A woman from Ukraine, who now lives in York, says this weekend she was thinking not about two years of war, but ten.
She says ever since Russian action on the Crimean Peninsula, part of Ukraine, in 2014 her life has been on hold.
Kateryna Minakova comes from Dnipro, which she says used to be central Ukraine but is now more in the east of the country given the Russian occupation. As the world marked the second anniversary of the major invasion by of her country by Russia, she says the West must continue to support her people or risk a wider global conflict.
She was speaking at an exhibition of photos and video at Spark: York taken by local volunteer Edward Matthews.
He hopes to return to the country this year if he can raise enough money. His photos catalogue the suffering of ordinary people.
Kateryna told YorkMix Radio: “We don’t have enough weapons, we don’t even have enough international support, because there are more and more pro Russian governments all over the world.
“It’s like a disease that is spreading and if we don’t react fast it will spread all over the globe.
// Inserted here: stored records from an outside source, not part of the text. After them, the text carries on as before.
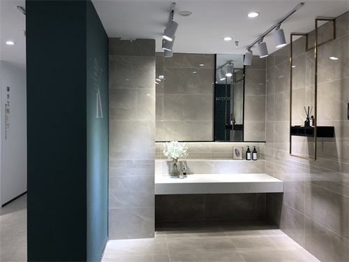 以下四個空間都是現代簡約風格衛生間,都選用了灰色磚進行鋪貼,可見,灰色磚是現代家居的主流產品,很多消費者來我們店看產品都會被灰色磚的模擬間驚艷到,耐看、耐臟、適用范圍廣等優點深受消費者喜愛。
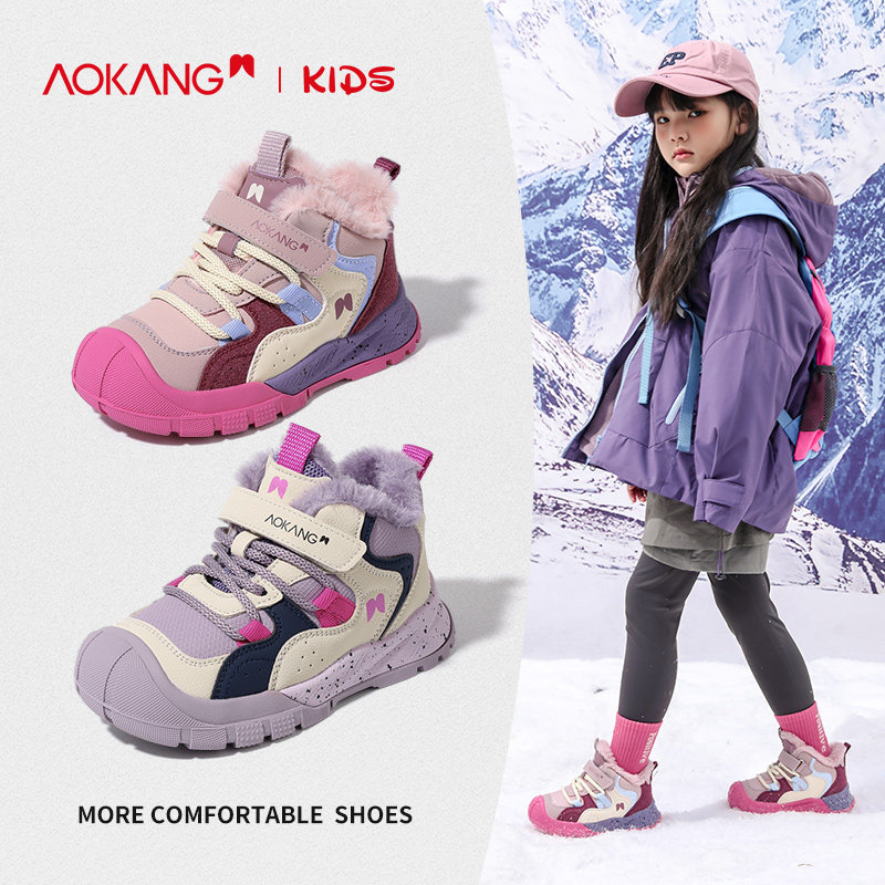 奥康童鞋女童运动棉鞋保暖冬季2025加厚加绒女孩保暖鞋防滑雪地鞋
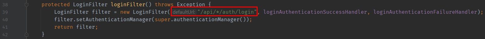 이 AuthenticationFilter는 첫 번째 방법에서 LoginFilter와 동일한 역할을 수행한다. 하지만 여기서는 defaultUrl을 지정해주지 않았다. 그런데도 어떻게 로그인 Request를 식별해고 Filter에서 인터셉트하는지 궁금하다.
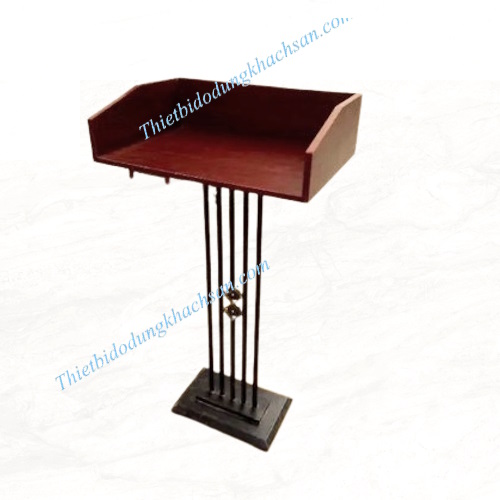 Bục phát biểu có kiểu dáng đơn giản với chân sắt sơn, mặt bục gỗ hiện đại
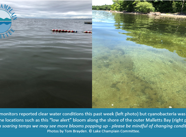 What a hot week of record-breaking temperatures! Lake Champlain Committee (LCC) monitors filed 140 reports for Lake Champlain and inland lakes. Most observed clear water, great for cooling off in during the heat wave. However, there were some…

“It’s actually the eleventh year of war for me. I feel that war stole a lot from me, and that we have to finish it soon or Russia will keep invading more territories over and over again.”
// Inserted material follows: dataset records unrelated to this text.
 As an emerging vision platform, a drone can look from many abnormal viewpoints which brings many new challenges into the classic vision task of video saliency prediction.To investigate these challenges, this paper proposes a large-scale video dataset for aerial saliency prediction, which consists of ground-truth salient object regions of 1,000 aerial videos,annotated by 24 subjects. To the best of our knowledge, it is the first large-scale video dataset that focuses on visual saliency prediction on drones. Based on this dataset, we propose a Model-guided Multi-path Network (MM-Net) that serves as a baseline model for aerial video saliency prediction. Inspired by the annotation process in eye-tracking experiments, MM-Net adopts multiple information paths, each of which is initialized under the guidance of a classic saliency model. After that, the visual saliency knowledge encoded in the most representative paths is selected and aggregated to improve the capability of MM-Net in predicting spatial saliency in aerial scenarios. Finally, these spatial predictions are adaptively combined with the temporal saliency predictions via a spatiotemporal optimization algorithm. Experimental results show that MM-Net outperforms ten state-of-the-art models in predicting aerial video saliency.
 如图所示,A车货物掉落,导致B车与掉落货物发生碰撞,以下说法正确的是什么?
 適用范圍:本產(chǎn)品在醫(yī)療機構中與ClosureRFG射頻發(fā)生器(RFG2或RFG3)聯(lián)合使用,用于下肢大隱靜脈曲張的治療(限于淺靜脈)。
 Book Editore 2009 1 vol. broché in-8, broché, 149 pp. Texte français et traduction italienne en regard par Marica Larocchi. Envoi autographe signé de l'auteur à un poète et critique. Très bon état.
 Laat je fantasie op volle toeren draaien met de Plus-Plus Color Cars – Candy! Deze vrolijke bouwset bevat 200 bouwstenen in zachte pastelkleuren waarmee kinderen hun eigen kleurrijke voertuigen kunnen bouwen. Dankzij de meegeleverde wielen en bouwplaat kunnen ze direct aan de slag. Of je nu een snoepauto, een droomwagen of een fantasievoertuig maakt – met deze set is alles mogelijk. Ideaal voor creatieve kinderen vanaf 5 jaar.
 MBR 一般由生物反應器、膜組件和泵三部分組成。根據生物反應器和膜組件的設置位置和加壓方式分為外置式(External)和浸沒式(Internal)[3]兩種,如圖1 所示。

She says she can’t let herself become pessimistic about what lies ahead as if she does that she will have to admit that all her adult life will be marred by war.
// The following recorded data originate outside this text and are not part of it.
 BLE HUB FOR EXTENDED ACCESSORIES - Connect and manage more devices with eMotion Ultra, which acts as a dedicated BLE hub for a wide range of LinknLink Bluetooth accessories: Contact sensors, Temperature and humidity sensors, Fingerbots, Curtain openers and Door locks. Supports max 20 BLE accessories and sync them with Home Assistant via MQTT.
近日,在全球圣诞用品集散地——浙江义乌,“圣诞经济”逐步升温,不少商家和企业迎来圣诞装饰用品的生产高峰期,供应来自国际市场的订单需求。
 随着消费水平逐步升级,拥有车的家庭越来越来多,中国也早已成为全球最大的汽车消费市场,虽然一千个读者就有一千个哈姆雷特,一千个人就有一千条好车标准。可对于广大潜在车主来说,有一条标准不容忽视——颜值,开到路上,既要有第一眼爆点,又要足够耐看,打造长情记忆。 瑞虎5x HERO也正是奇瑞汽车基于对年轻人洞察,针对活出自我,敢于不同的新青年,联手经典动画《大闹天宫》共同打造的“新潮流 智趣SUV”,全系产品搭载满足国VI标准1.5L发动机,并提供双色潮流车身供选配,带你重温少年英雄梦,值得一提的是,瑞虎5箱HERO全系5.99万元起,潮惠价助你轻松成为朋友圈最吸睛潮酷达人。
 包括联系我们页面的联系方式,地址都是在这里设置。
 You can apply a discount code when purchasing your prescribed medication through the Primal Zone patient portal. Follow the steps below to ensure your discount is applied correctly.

She hope that the West will continue to back Ukraine in the future and help them fight off the challenge from Vladimir Putin
Edward Matthews was a nightlife photographer in York. Then he took a trip to the edge of the warzone in Eastern Europeand that changed everything.
Two years ago he decided that there was a greater need for his services there.
He says he has been moved by the stories he has heard from people fleeing Russian aggression when crossing the border between Poland and Ukraine almost daily to help deliver food and aid.
He descibe the photo of the Metro carriage above and why it was an important part of his exhibition this weekend.
“It’s an image of the Kharkiv Metro. You see people just on their daily commute around the city. But if you look closely, there’s only one child and one fighting age male.
“Everyone else on the train is elderly. So the demographic suggests that there’s something wrong and above the city everywhere was essentially under siege and constant bombardment.”